Bathurst Resources reported a first half EBITDA of $27.5 million, surpassing forecasts despite export disruptions, yet lowered its full-year EBITDA guidance to $45-$55 million due to reduced export volumes and softer coal prices.
- H1 FY25 consolidated EBITDA of $27.5 million ahead of forecast but down from prior year
- Full-year EBITDA guidance downgraded by $10 million to $45-$55 million
- Export segment impacted by Tawhai Tunnel closure and lower HCC benchmark prices
- Domestic operations in North and South Islands delivered positive results
- Fast Track Approvals Bill enacted, expediting project approvals including Bathurst’s key developments
Strong H1 Performance Despite Export Headwinds
Bathurst Resources Limited (ASX: BRL) has reported a consolidated EBITDA of NZD 27.5 million for the first half of fiscal year 2025, exceeding internal forecasts despite significant operational challenges. The standout issue was the extended closure of the Tawhai Tunnel, a critical rail link for export shipments from the Stockton mine, which forced the company to rely on a costly and capacity-limited road freight plan.

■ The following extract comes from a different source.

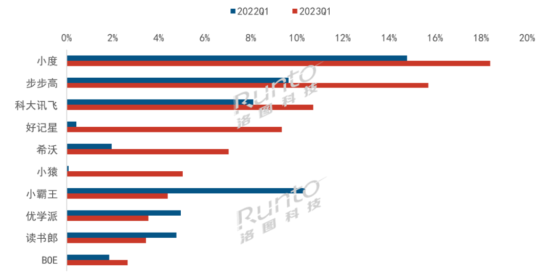 學習本市場中從業的品牌和整體智能平板市場有頗多不同。在今年第一季度,能在TOP10列位,且重疊的僅有兩個品牌:科大訊飛和小度。
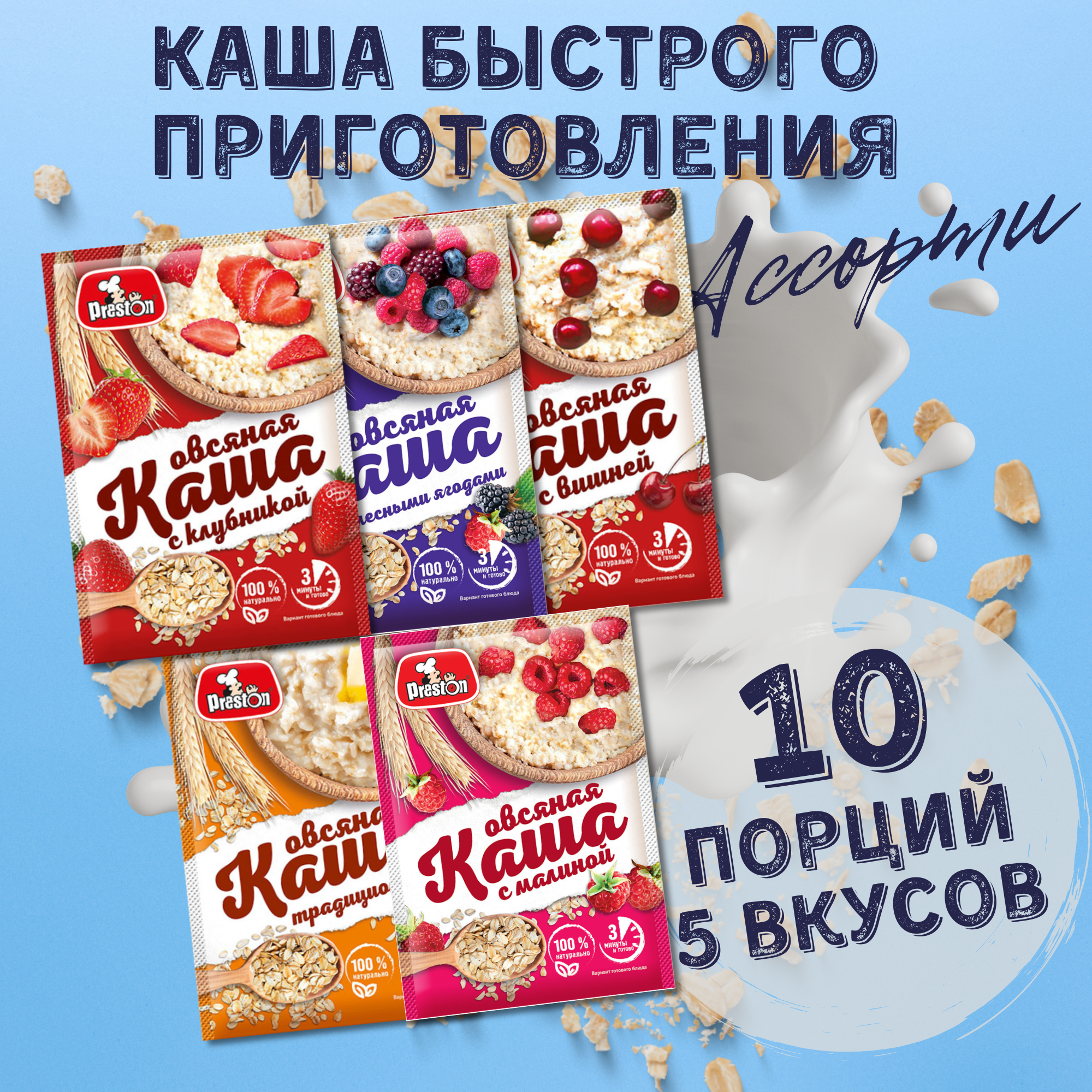 10 цен на Каша овсяная быстрого приготовления Preston, в пакетиках 37 г, Ассорти 5 вкусов, 10 шт.

While the EBITDA beat is commendable, it represents a slight decline of NZD 0.7 million compared to the same period last year, primarily due to reduced export earnings. The company’s export volumes were curtailed by the tunnel closure, and the average Hard Coking Coal (HCC) benchmark price softened, further pressuring revenues.
Full-Year Guidance Revised Lower
Reflecting these headwinds, Bathurst has prudently lowered its full-year consolidated EBITDA guidance to a range of NZD 45 million to NZD 55 million, down NZD 10 million from prior guidance. The downgrade factors in a continued subdued HCC price environment and the lingering effects of the export logistics disruption. The company’s hedging strategy has partially mitigated price volatility, but not enough to offset the volume and price declines fully.
Notably, the reopening of the Tawhai Tunnel in January 2025 is expected to restore rail freight capacity and reduce costs, with the Stockton mine ramping up to a seven-day rail schedule through June 2025 to meet export commitments.
Domestic Operations Provide Stability
Bathurst’s North Island and South Island domestic coal segments delivered solid operational and financial results, cushioning the export segment’s setbacks. The Rotowaro mine advanced significantly in the Waipuna West Extension pit, doubling coal production year-on-year and increasing overburden removal. Similarly, the Takitimu mine outperformed forecasts in production, sales, and overburden removal.
This domestic resilience underscores Bathurst’s diversified asset base and operational flexibility, which are critical in navigating volatile export markets and infrastructure disruptions.
Regulatory Tailwinds from Fast Track Approvals Bill
In a positive development for Bathurst and the broader mining sector, New Zealand’s Fast Track Approvals Bill was enacted in December 2024. Both the Buller Plateaux Continuation Project and the Rotowaro Continuation Project are listed under this legislation, which promises accelerated statutory processing times for major projects. This regulatory reform could materially shorten Bathurst’s project development timelines, supporting future growth and export capacity.
Market Outlook and Strategic Considerations
The global coking coal market remains challenging, with the HCC benchmark price dipping below USD 190 per tonne late in the quarter amid weak steel demand and geopolitical uncertainties, including ongoing sanctions affecting Russian coal supply. India’s increased use of discounted Russian coal and potential US tariffs on Chinese imports add complexity to market dynamics.
Bathurst’s strategic focus on operational efficiency, cost control, and leveraging domestic markets will be crucial as it navigates these headwinds. The company’s investments in British Columbia projects, including the Tenas Coking Coal and Crown Mountain projects, continue to progress, potentially diversifying future revenue streams.
Bottom Line?
Bathurst’s ability to manage export disruptions and capitalize on regulatory reforms will be pivotal as it seeks to regain momentum in a volatile coal market.
Questions in the middle?
- How will Bathurst’s export volumes recover post-Tawhai Tunnel reopening and what is the timeline for full capacity restoration?
- What impact will the Fast Track Approvals Bill have on Bathurst’s project development schedules and capital expenditure?
- How resilient is Bathurst’s hedging strategy against further declines in HCC benchmark prices?